Q4. What is the role of fatty acid oxidation in tubulointerstitial ?
Decrease in fatty acid oxidation, resulting in a loss of ATP generation, has been shown to be a significant contributor to tubulointerstitial fibrosis 19.
Q5. How many libraries were needed to reidentify podocytes?
On average 12 and 15 libraries (~3,100 and 3,835 nuclei) allowed reidentification of seven of the top 10 predicted podocyte and proximal tubule MBCO SCPs, respectively, while 21 libraries (~5,462 nuclei) were sufficient to reidentify five of the topwas not certified by peer review) is the author/funder.
Q6. How many jensenlab confidences were used to identify each gene?
Subcellular localization of each gene was identified using the jensenlab human compartment database based on a jensenlab confidence of at least four (i.e. 80% of maximum confidence in the database) 28.
Q7. What are the metabolites of the energy carrier ATP?
Tubulointerstitial metabolites, for example, contain glucose, cofactors of the pyruvate dehydrogenase complex and multiple adenosine nucleotides/nucleosides (i.e. metabolites of the energy carrier ATP).
Q8. How many libraries are needed for a consistent detection of podocytes?
Their results indicate that for a consistent detection of podocytes (i.e. in more than 95% of all down sampled datasets with the same library counts), at least 16 (~11,727 cells) or 7 libraries (1,837 nuclei) are needed if subjected to single-cell RNASeq (Figure 4A) or single-nucleus RNASeq (Figure 4B), respectively.
Q9. How many differentially expressed genes and proteins were predicted by each assay?
Top 300 differentially expressed genes (DEGs) and proteins (DEPs) predicted by each assay for each analyzed cell type/tissue subsegment.
Q10. How many SCPs can be included in the top seven predictions?
Notice that the top seven predictions based on dynamic enrichment analysis can contain more than seven SCPs, since each prediction is either a single SCP or a unique combination of two or three SCPs.
Q11. How many samples were sufficient to reproduce the results for the full dataset?
For the LMD proteomics dataset, six to eight samples were sufficient to reproduce the results obtained for the full datasets with only minor variations in the correlation of identified DEGs (Figure 4C) and SCPs (Supplementary Figure 2E) or SCP rankings (Figure 4C).
Q12. What is the way to integrate the three different assays?
An idealized integration scenario would combine these assays synergistically such that they could complement the shortcomings of each other, improve quality control metrics across technologies, and increase rigor and reproducibility of the overall study.

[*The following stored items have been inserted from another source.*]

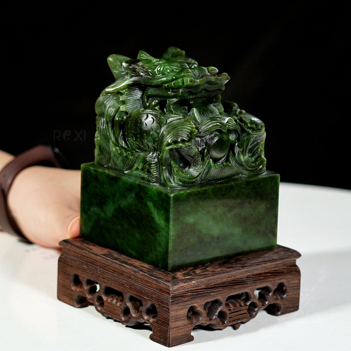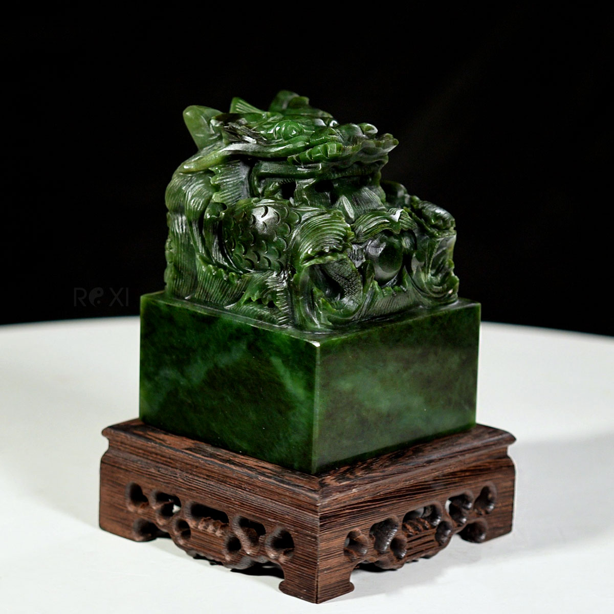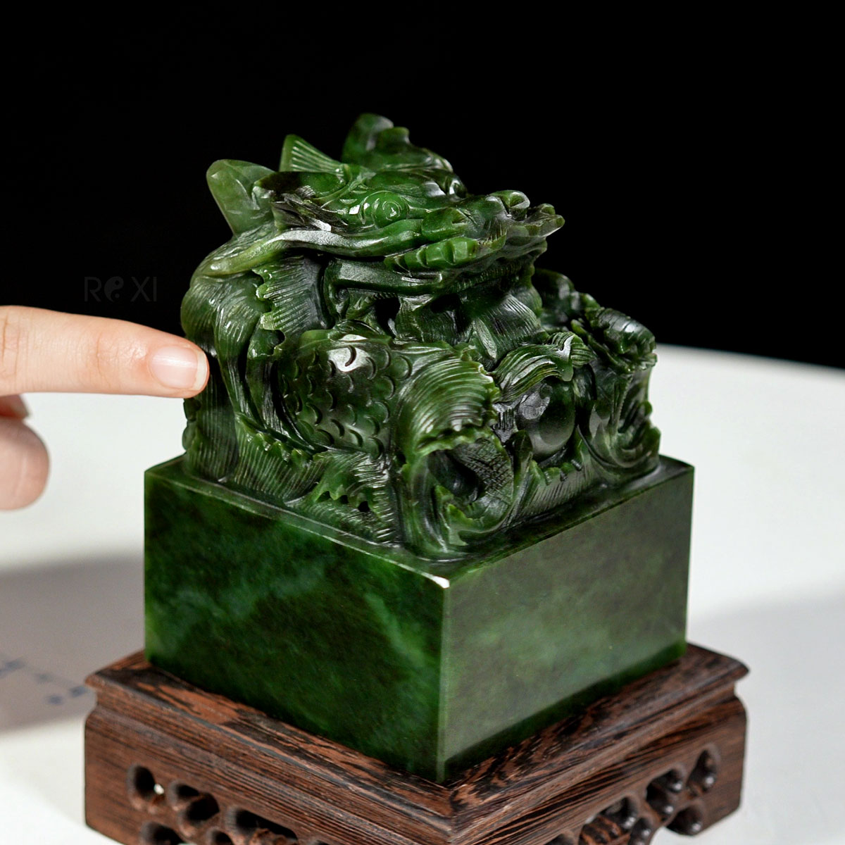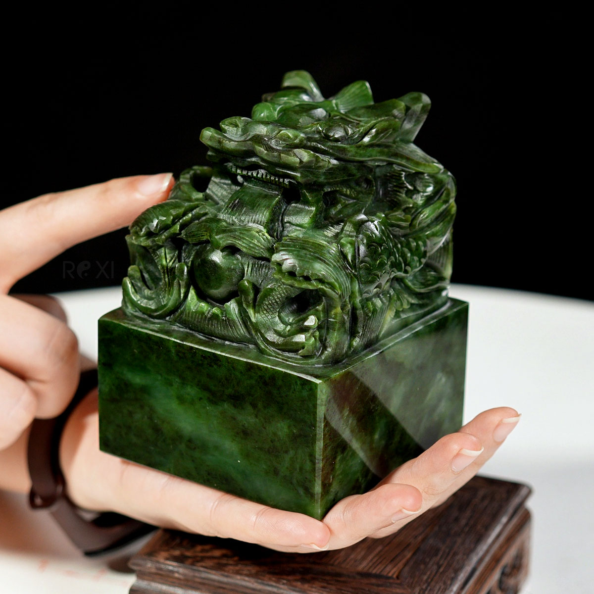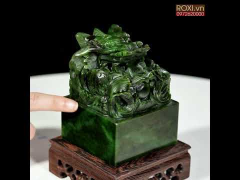 - Ấn rồng ngọc bích được chế tác từ ngọc bích nephrit quý hiếm, nổi bật với màu xanh lục đặc trưng, kết hợp với các đường nét chạm khắc sắc nét tỉ mỉ tạo nên một tác phẩm đẹp và độc đáo.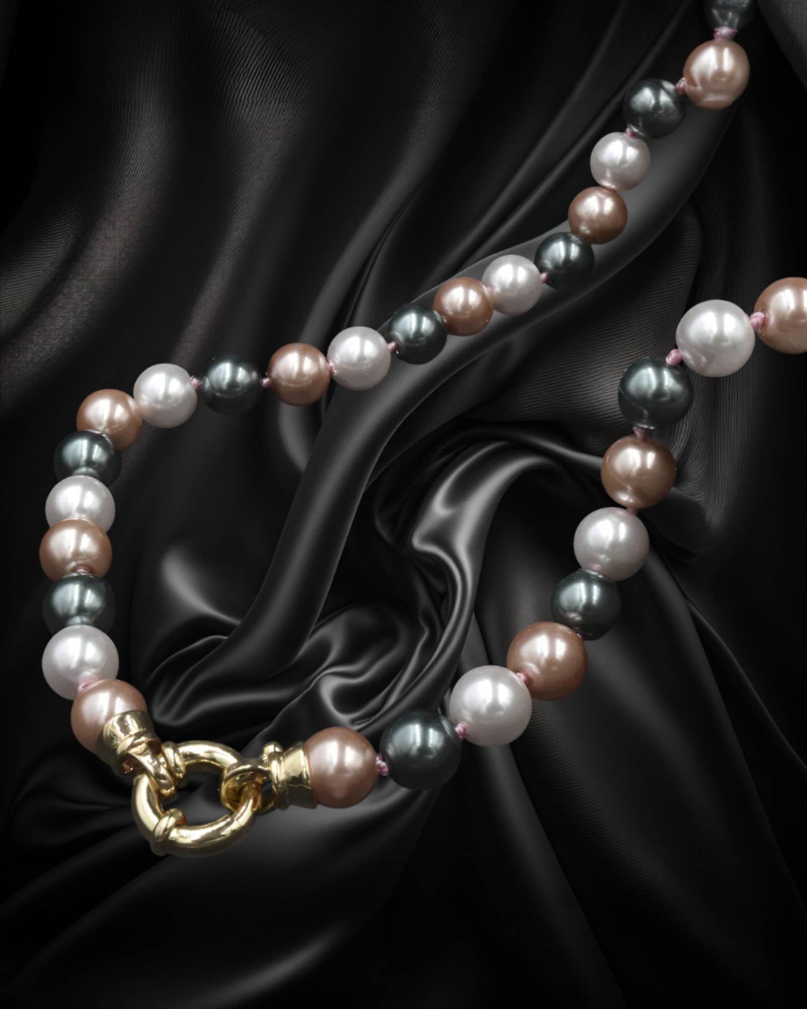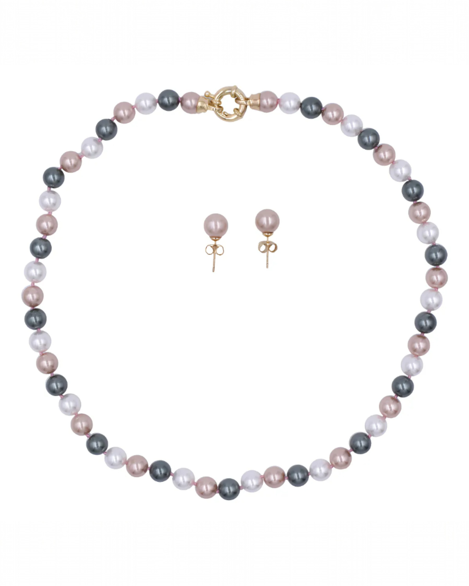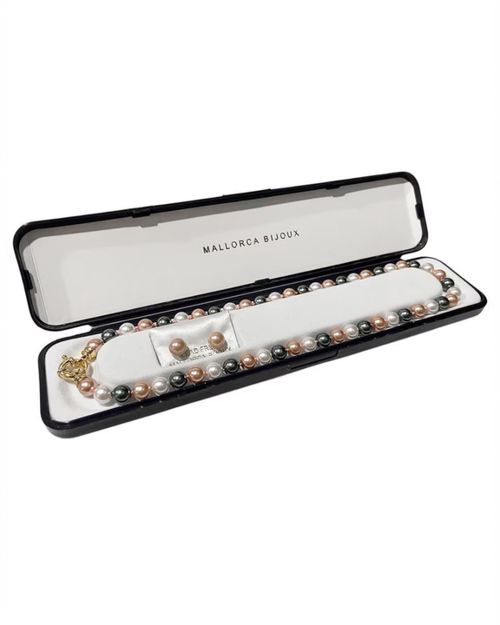 Juego Collar y Aretes | De Perlas Mallorca | Salmón Bicolor 8MM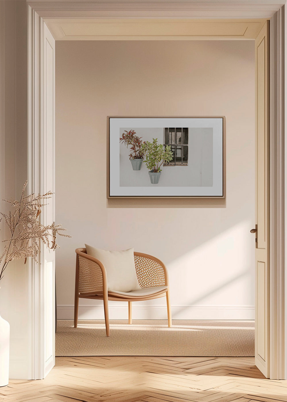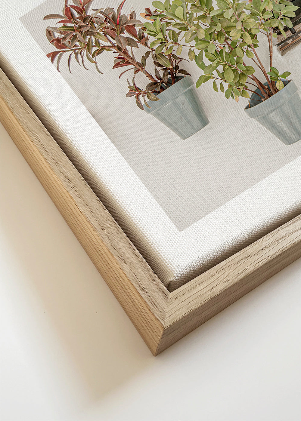 If you select the passepartout option, we will add the white matt board to the frame, and we will reduce the design of the work. For example, if you select a print size 20x28 in, with an oak colored frame and passepartout, we will reduce the design of the print to the previous size (16x20 in). In this way, it will adapt perfectly to the inside window of the passepartout.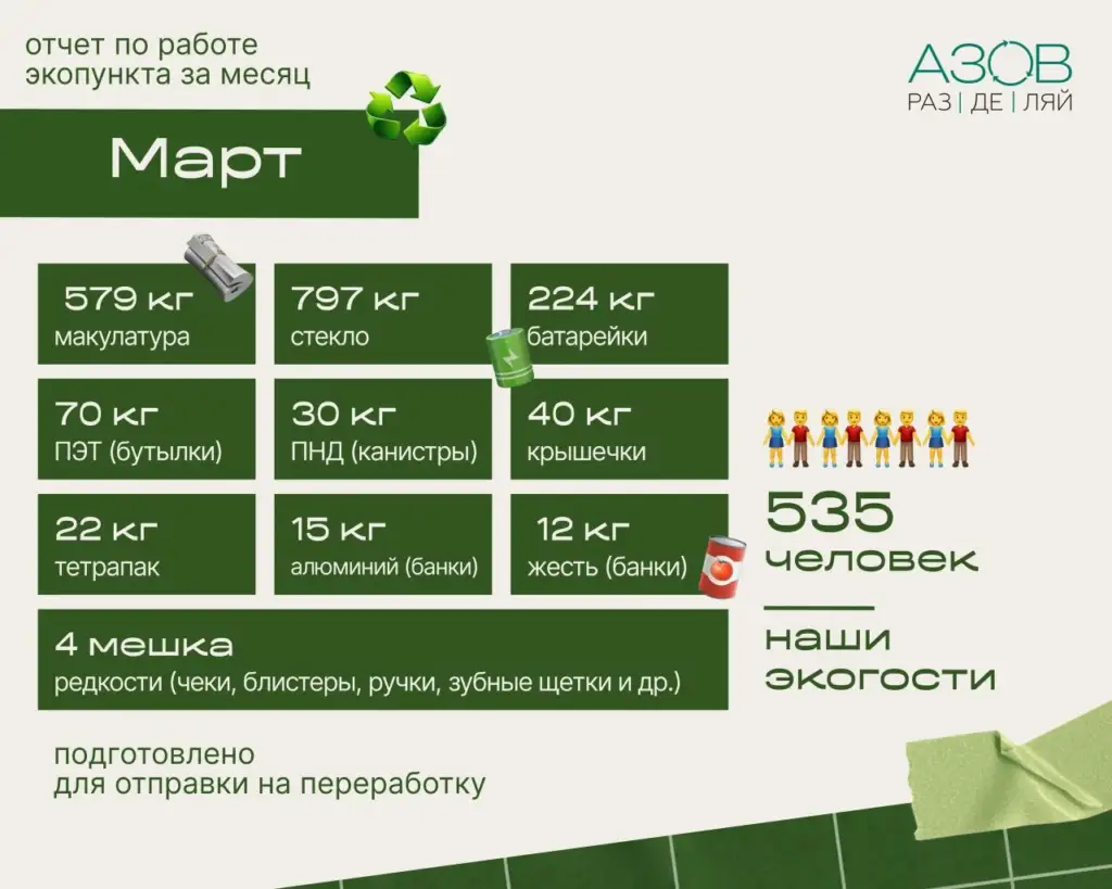 В прошедшем месяце активисты экологического движения подвели итоги по сбору вторсырья. Март выдался продуктивным: общими усилиями удалось собрать и подготовить к отправке на переработку значительный объем отходов

Q13. How many predictions are needed to re-identify the top 10 or seven predictions?
the authors determined how many SCPs have to be considered in a down-sampled analysis to re-identify at least 70% (or 50%) of the top 10 or seven predictions obtained from standard or dynamic enrichment analysis with the full dataset, respectively.
Q14. What is the role of the collecting duct in regulating systemic electrolyte and?
Principal cell/collecting duct networks concentrate on ion reabsorption (Supplementary Figure 1C), emphasizing the important role of the collecting duct in fine-tuning these mechanisms, thereby regulating systemic electrolyte and water balance.
Q15. What is the correlation between the gene expression profiles of cells and LCM segments?
To compute the Pearson correlation between the gene expression profiles of cells and LCM segments, the gene profiles were restricted to genes shared between the two datasets and showing variable expression in the single-cell dataset and correlations were computed between the logarithm of the mean ratio vector for each LCM segment and the scaled expression profile of each cell in the single cell dataset.